• DATA FOR REVIEW:
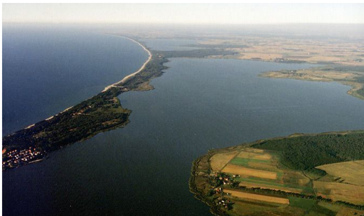
Widok z lotu ptaka na Łazy pomiędzy morzem a jeziorami Jamno i Bukowo.

Przestrzenna struktura miejscowości. Łazy posiadają stosunkowo luźną zabudowę, zarówno na obrzeżach jak i w centrum znajdują się pola namiotowe, kempingowe i ośrodki wypoczynkowe otoczone terenami zielonymi, boiskami itp. Przy niektórych ulicach istnieją skupiska domków jednorodzinnych. Układ przestrzenny miejscowości przypomina literę T, z centralnym punktem skrzyżowaniem drogi powiatowej z ul. Leśną w postaci dużego ronda. W części miejscowości położonej na zachód od ronda ciągną się domki jednorodzinne (gł przy ul. Wczasowej). Na południe od ronda w kierunku Osiek i Koszalina także są liczne domki jednorodzinne. Centrum miejscowości wzdłuż ul. Leśnej na wschód od ronda do głównego wejścia na plażę zdominowały sezonowe restauracje, bary, smażalnie, obiekty handlowe i atrakcje dla turystów. Na wschodnim krańcu miejscowości występują niemal wyłącznie ośrodki wczasowe i kempingowe.
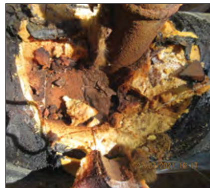
Fot. 3. Korozyja trójnika z podkładką filcową

muje się po miesiącach. Nawet w okresie gwarancji sprawy są odwołane w nieskończoność. W tym czasie wilgoć rozprzestrzenia się także poza wkładkę filcową i miejsce nacieku jest także dobrze widoczne na drucie bez podkładki. Na rys. 4 przedstawiono dwa wykresy zebra-
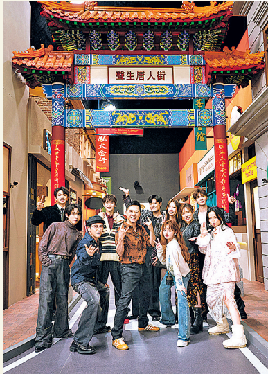
《声生不息》“华流季”嘉宾合照。

15首华语金曲串联起不同时代、不同国界的华语音乐流行印记,集中展现了中华文化向下扎根、向上盛放的强大影响力与生命力。黄丽玲与李佳薇用《世界第一等》致敬海内外同胞于世界舞台上的爱拼爱闯;庾澄庆《情非得已》、苏有朋《雨蝶》、汪苏泷《像晴天像雨天》、颜人中《一直很安静》、黄霄雲《此生不换》勾勒出国产影视剧留给海内外观众的亚洲集体情感回忆;《酒醉的熊猫》《叹·伯虎说》《月光爱人》《生来倔强》等歌曲展现了越来越多的华语歌手和海外音乐人的精彩“过招”。此外,首期节目用欧阳靖在美国曼哈顿唐人街街头演绎的《华人万岁》衔接全场观众大合唱开场,又用张信哲在世界巡演
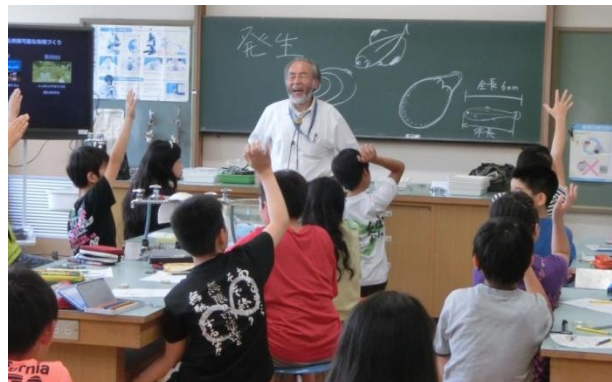
▲ 中高安小学校での授業風景

かつての高安地域は農業が盛んで“ため池”がたくさんあり、水をきれいに保つための「ドビ流し」（ため池を大掃除する作業）が定期的に行われていましたが、農業の衰退という人間の生活の変化によって濁ったままのため池が増え、ニッポンバラタナゴが絶滅の危機に瀕しました。
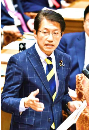
菅義偉官房長官、河野太郎防衛相らに、米軍訓練施設建設計画の撤回を求める (2/18 衆院予算委員会)

政府が馬毛島（鹿児島県西之表市）への米空母艦載機離着陸訓練（FCLP）移転を地元の頭越しに進めている問題をめぐり、国会審議を経ない予算の「流用」で土地買収を行うなど、米軍のためなら何でもありの政府の姿勢を厳しく追及しました。
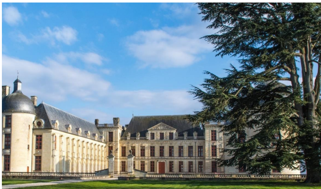
Le château d’Oiron

Le château d’Oiron a été édifié au XVI e et XVII e siècles par la famille des Gouffier. Au XVI e siècle, Claude Gouffier est grand écuyer des rois François I er et Henri II ; il aurait inspiré à Charles Perrault, le personnage du marquis de Carabas (1697). Peu avant 1550, il fait peindre, le décor d’une galerie de 55 mètres de long, exemple exceptionnel du style de l’Ecole de Fontainebleau, qui met en scène l’histoire de la guerre de Troie.
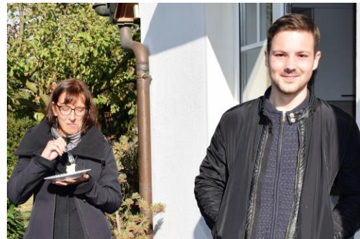
Ein Teil des Teams
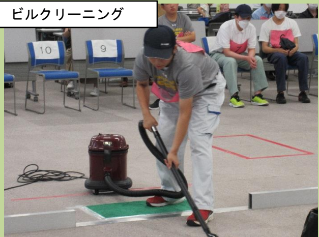
ビルクリーニング
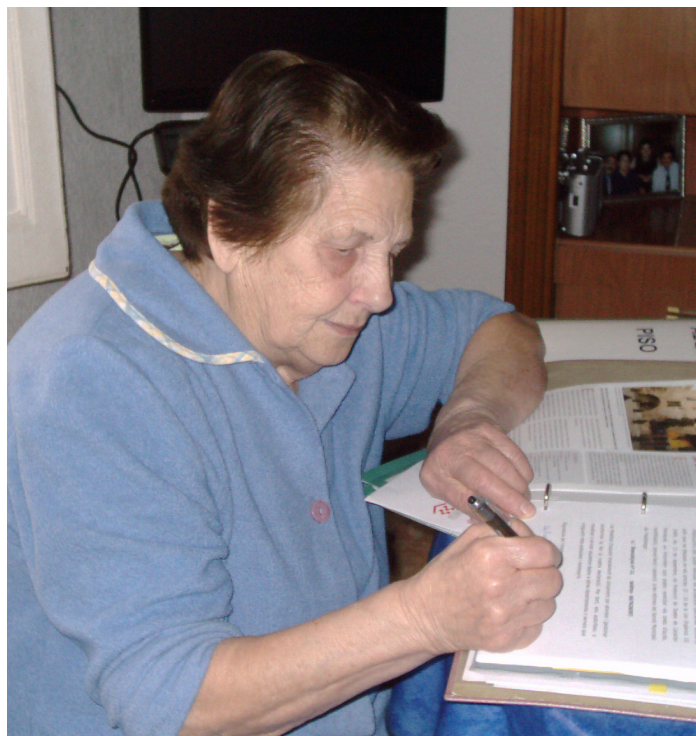
Una veïna, fent el qüestionari del Programa d'Atenció Global a la Gent Gran.
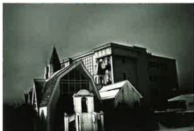
久保村 厚「秋の幻」特選
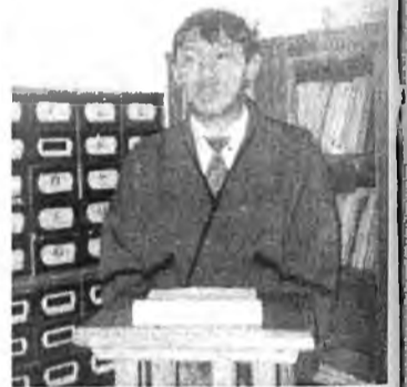
БГУ-ДА БОЛОНОН ОЛИМПИАДАНАА

Буряад хэлэн, ёһо заншалай нэргээгдэжэ эхилхээр тиимэшые үни болоогүй гэхээр. Эдэ бүтэдые хүгжөөлгын ажал ябуулдаг эгээл томо гуламтануудай нэгэн гэхэдэ. Буряадай гүрэнэй университет болоно гэшэ. Мүнөө болотор тус нуралсалай гуламтада факультэдүүдэй хоорондо буряад хэлээр олимпиада болон мурьсөөнүүд болоогүй байһанинь гайхалтай. Одоошые энэ дугуу дунда хүсэлдүүлэгдэбэ.
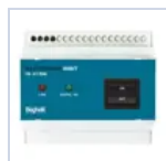
2730 INIBIT 973 COMANDO R.MODE
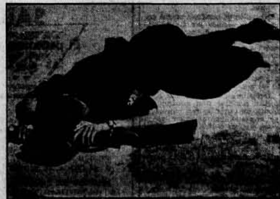
Un miliciano quedó así tumbado para siempre en la refriega del domingo, día 19 de julio.
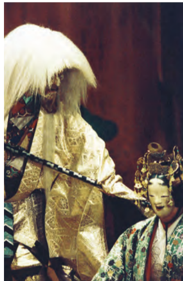
能「恋重荷」の一場面

「そも恋はなにの、重にぞ」もお楽しみに。一般前売り4,200円、学生2,600円、当日一般4,700円、学生3,000円。プラス500円で座席指定が可能です(要予約)。
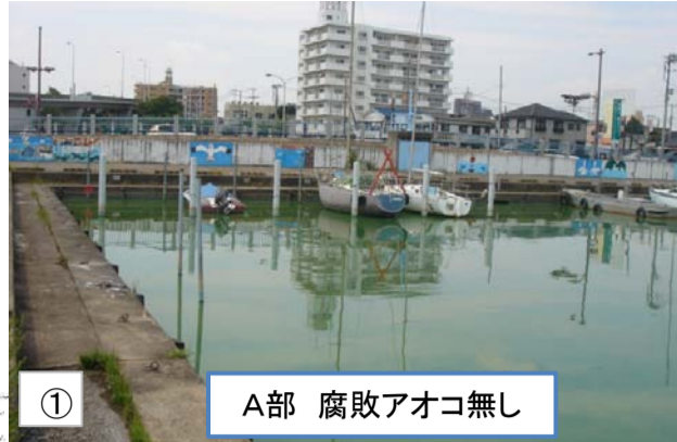
① A部 腐敗アオコ無し
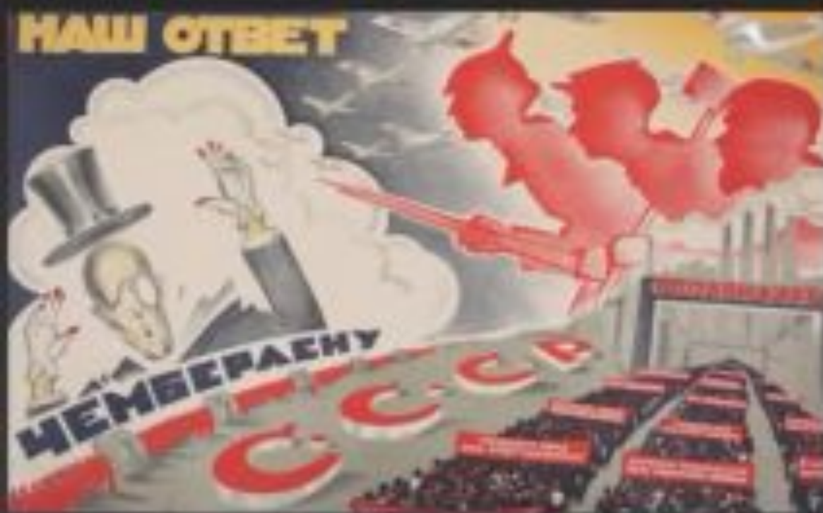
Советский плакат. 1927

1927 – убийство посла СССР в Польше П.Л.Войкова в Варшаве
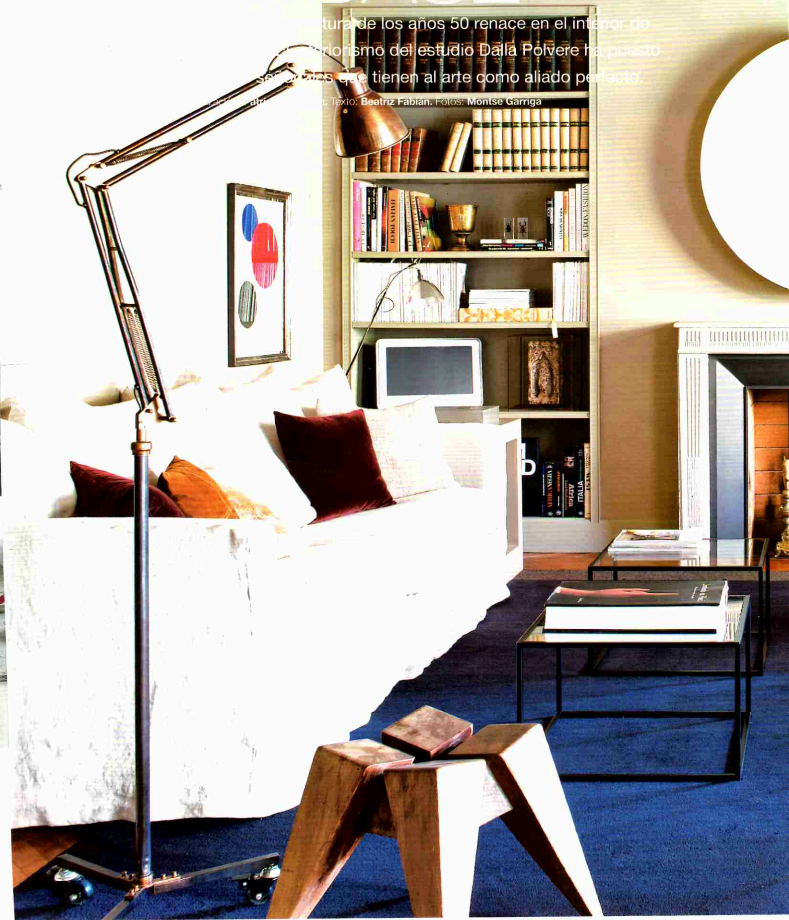
Texto: Beatriz Fabian.

La arquitectura de los años 50 renace en el interior de este estudio. El minimalismo del estudio Dalla Polvere ha puesto a disposición de los usuarios un espacio que tienen al arte como aliado perfecto.

• GOAL OF THE EXERCISE:
Exclude all images and return the listing word for word.

• ANSWER BOX:
Widok z lotu ptaka na Łazy pomiędzy morzem a jeziorami Jamno i Bukowo.

Przestrzenna struktura miejscowości. Łazy posiadają stosunkowo luźną zabudowę, zarówno na obrzeżach jak i w centrum znajdują się pola namiotowe, kempingowe i ośrodki wypoczynkowe otoczone terenami zielonymi, boiskami itp. Przy niektórych ulicach istnieją skupiska domków jednorodzinnych. Układ przestrzenny miejscowości przypomina literę T, z centralnym punktem skrzyżowaniem drogi powiatowej z ul. Leśną w postaci dużego ronda. W części miejscowości położonej na zachód od ronda ciągną się domki jednorodzinne (gł przy ul. Wczasowej). Na południe od ronda w kierunku Osiek i Koszalina także są liczne domki jednorodzinne. Centrum miejscowości wzdłuż ul. Leśnej na wschód od ronda do głównego wejścia na plażę zdominowały sezonowe restauracje, bary, smażalnie, obiekty handlowe i atrakcje dla turystów. Na wschodnim krańcu miejscowości występują niemal wyłącznie ośrodki wczasowe i kempingowe.
Fot. 3. Korozyja trójnika z podkładką filcową

muje się po miesiącach. Nawet w okresie gwarancji sprawy są odwołane w nieskończoność. W tym czasie wilgoć rozprzestrzenia się także poza wkładkę filcową i miejsce nacieku jest także dobrze widoczne na drucie bez podkładki. Na rys. 4 przedstawiono dwa wykresy zebra-
《声生不息》“华流季”嘉宾合照。

15首华语金曲串联起不同时代、不同国界的华语音乐流行印记,集中展现了中华文化向下扎根、向上盛放的强大影响力与生命力。黄丽玲与李佳薇用《世界第一等》致敬海内外同胞于世界舞台上的爱拼爱闯;庾澄庆《情非得已》、苏有朋《雨蝶》、汪苏泷《像晴天像雨天》、颜人中《一直很安静》、黄霄雲《此生不换》勾勒出国产影视剧留给海内外观众的亚洲集体情感回忆;《酒醉的熊猫》《叹·伯虎说》《月光爱人》《生来倔强》等歌曲展现了越来越多的华语歌手和海外音乐人的精彩“过招”。此外,首期节目用欧阳靖在美国曼哈顿唐人街街头演绎的《华人万岁》衔接全场观众大合唱开场,又用张信哲在世界巡演
▲ 中高安小学校での授業風景

かつての高安地域は農業が盛んで“ため池”がたくさんあり、水をきれいに保つための「ドビ流し」（ため池を大掃除する作業）が定期的に行われていましたが、農業の衰退という人間の生活の変化によって濁ったままのため池が増え、ニッポンバラタナゴが絶滅の危機に瀕しました。
菅義偉官房長官、河野太郎防衛相らに、米軍訓練施設建設計画の撤回を求める (2/18 衆院予算委員会)

政府が馬毛島（鹿児島県西之表市）への米空母艦載機離着陸訓練（FCLP）移転を地元の頭越しに進めている問題をめぐり、国会審議を経ない予算の「流用」で土地買収を行うなど、米軍のためなら何でもありの政府の姿勢を厳しく追及しました。
Le château d’Oiron

Le château d’Oiron a été édifié au XVI e et XVII e siècles par la famille des Gouffier. Au XVI e siècle, Claude Gouffier est grand écuyer des rois François I er et Henri II ; il aurait inspiré à Charles Perrault, le personnage du marquis de Carabas (1697). Peu avant 1550, il fait peindre, le décor d’une galerie de 55 mètres de long, exemple exceptionnel du style de l’Ecole de Fontainebleau, qui met en scène l’histoire de la guerre de Troie.
Ein Teil des Teams
ビルクリーニング
Una veïna, fent el qüestionari del Programa d'Atenció Global a la Gent Gran.
久保村 厚「秋の幻」特選
БГУ-ДА БОЛОНОН ОЛИМПИАДАНАА

Буряад хэлэн, ёһо заншалай нэргээгдэжэ эхилхээр тиимэшые үни болоогүй гэхээр. Эдэ бүтэдые хүгжөөлгын ажал ябуулдаг эгээл томо гуламтануудай нэгэн гэхэдэ. Буряадай гүрэнэй университет болоно гэшэ. Мүнөө болотор тус нуралсалай гуламтада факультэдүүдэй хоорондо буряад хэлээр олимпиада болон мурьсөөнүүд болоогүй байһанинь гайхалтай. Одоошые энэ дугуу дунда хүсэлдүүлэгдэбэ.
2730 INIBIT 973 COMANDO R.MODE
Un miliciano quedó así tumbado para siempre en la refriega del domingo, día 19 de julio.
能「恋重荷」の一場面

「そも恋はなにの、重にぞ」もお楽しみに。一般前売り4,200円、学生2,600円、当日一般4,700円、学生3,000円。プラス500円で座席指定が可能です(要予約)。
① A部 腐敗アオコ無し
Советский плакат. 1927

1927 – убийство посла СССР в Польше П.Л.Войкова в Варшаве
Texto: Beatriz Fabian.

La arquitectura de los años 50 renace en el interior de este estudio. El minimalismo del estudio Dalla Polvere ha puesto a disposición de los usuarios un espacio que tienen al arte como aliado perfecto.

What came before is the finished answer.